# Fire alarm



## Signal1 (Feb 10, 2016)

75dBA unless there is a normal ambient sound level greater than that. If so you would need to be 15dBA greater than that ambient sound level.

Which would be unusual for a sleeping area, so 75dB is usually safe. Use the A weighted scale on your dB meter for testing.

Also, don't forget low frequency devices are now required in sleeping areas as of Jan 1, 2014.

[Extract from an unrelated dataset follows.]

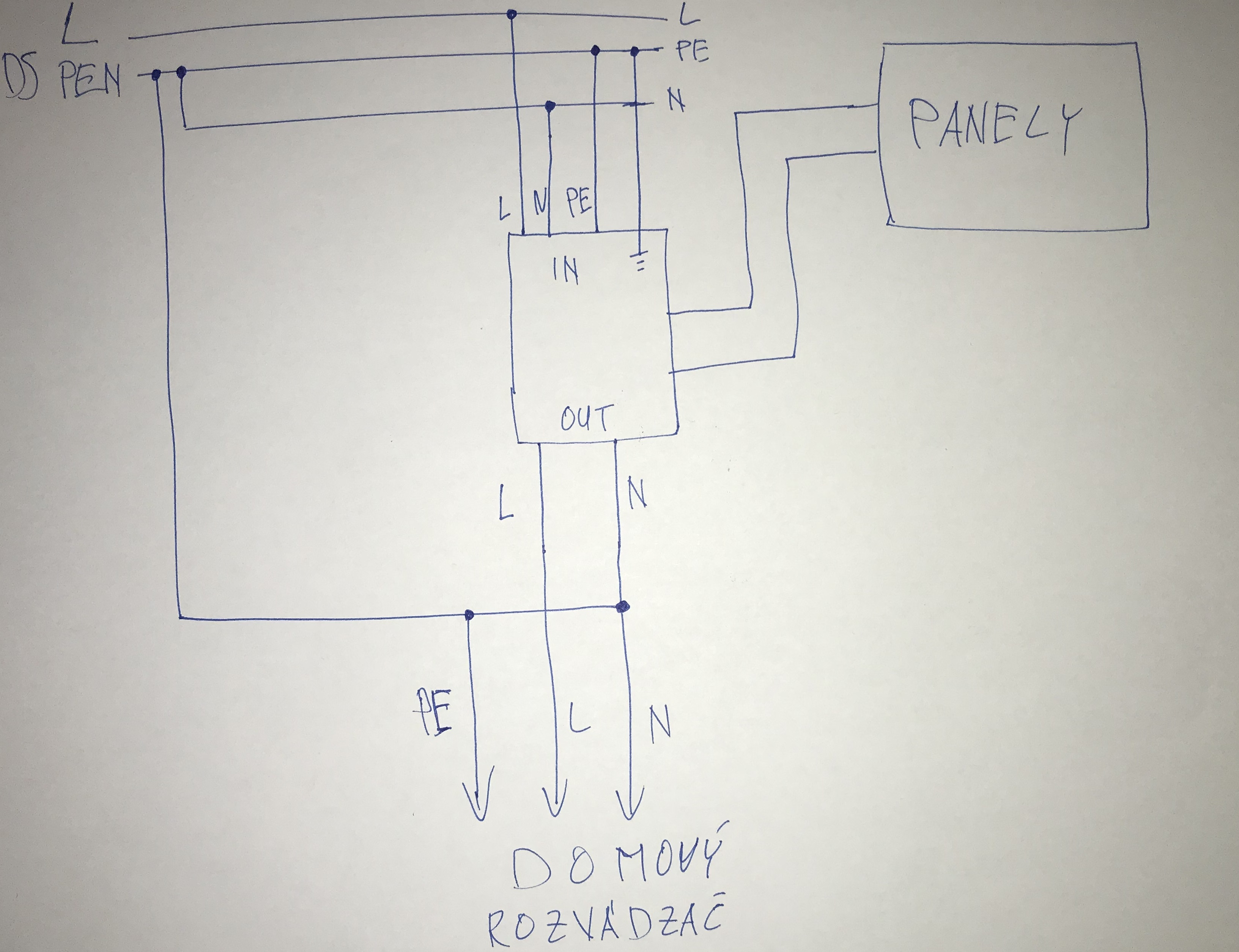 Toto by som spravil, ak by som mal celý dom na FVE, čo mať momentálne nebudem. Sporák a trúbu nechám zatiaľ na DS, to už by bolo moc na 5,6kW menič.Plazivec píše:Co chceš na tom kreslit? Místo dvoupólového ATS dáš 4pólové, jeden přívod bude z DS L1+L2+L3+PEN, druhý bude z axperta L+N, kde L axperta zapojíš na L1 a proklemuješ do L2 a L3. Bod rozdělení PEN uděláš až za výstupem z ATS.Diablo1st píše:Vedel by si mi nakresliť ako to máš zapojené? Nejako som to nepochopil (asi pokročilá hodina)
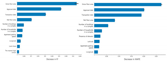 Figure 3 presents the results of the feature importance analysis. The left side shows how the model’s R-squared value changes when each variable is permuted, while the right side illustrates the changes in the mean absolute percentage error (MAPE). The results consistently indicate that the variables gross floor area, approval date, transaction date, net floor area, number of buildings in a complex, and number of households in a complex are the most important, in that order. This may be because, in the case of Korean real estate, many properties tend to have similar external appearances and internal layouts. Therefore, once the area (gross floor area, net floor area) and construction year are determined, the appearance and structure of the property and complex are likely to be similar. The transaction date might reflect the economic conditions or real estate policies of that particular year. Subsequently, variables such as latitude and longitude, which reflect locational value, appear in the order of importance.

See NFPA 72 *18.4.5.1 *and *18.4.5.3*


----------



## Electrical-EE (May 4, 2017)

*Citations*



Signal1 said:


> 75dBA


Some citations for this?


----------



## WronGun (Oct 18, 2013)

No it was on my masters exam in the business law section which I had to go back and take... I already went back and passed this time no fire Alarm


Sent from my iPhone using Tapatalk


----------



## macmikeman (Jan 23, 2007)

The way to calibrate a fire alarm strobe is to use a belt fed fully automatic weapon. I know this from watching videos of an automatic weapon fire from a low floor being called a fire alarm strobe.


----------



## active1 (Dec 29, 2009)

macmikeman said:


> The way to calibrate a fire alarm strobe is to use a belt fed fully automatic weapon. I know this from watching videos of an automatic weapon fire from a low floor being called a fire alarm strobe.


I read that too.
People think only 1 room strobe will go off at a time.
Or some sort of defect in the system will cause a strobe to flash for days unnoticed.

When the strobes go off at night there's no question as you have 3 floors flashing in perfect unison so nobody on the street will get a seizure.

But they had the original story was the FA lead swat to the shooter.
That lasted about a day.


----------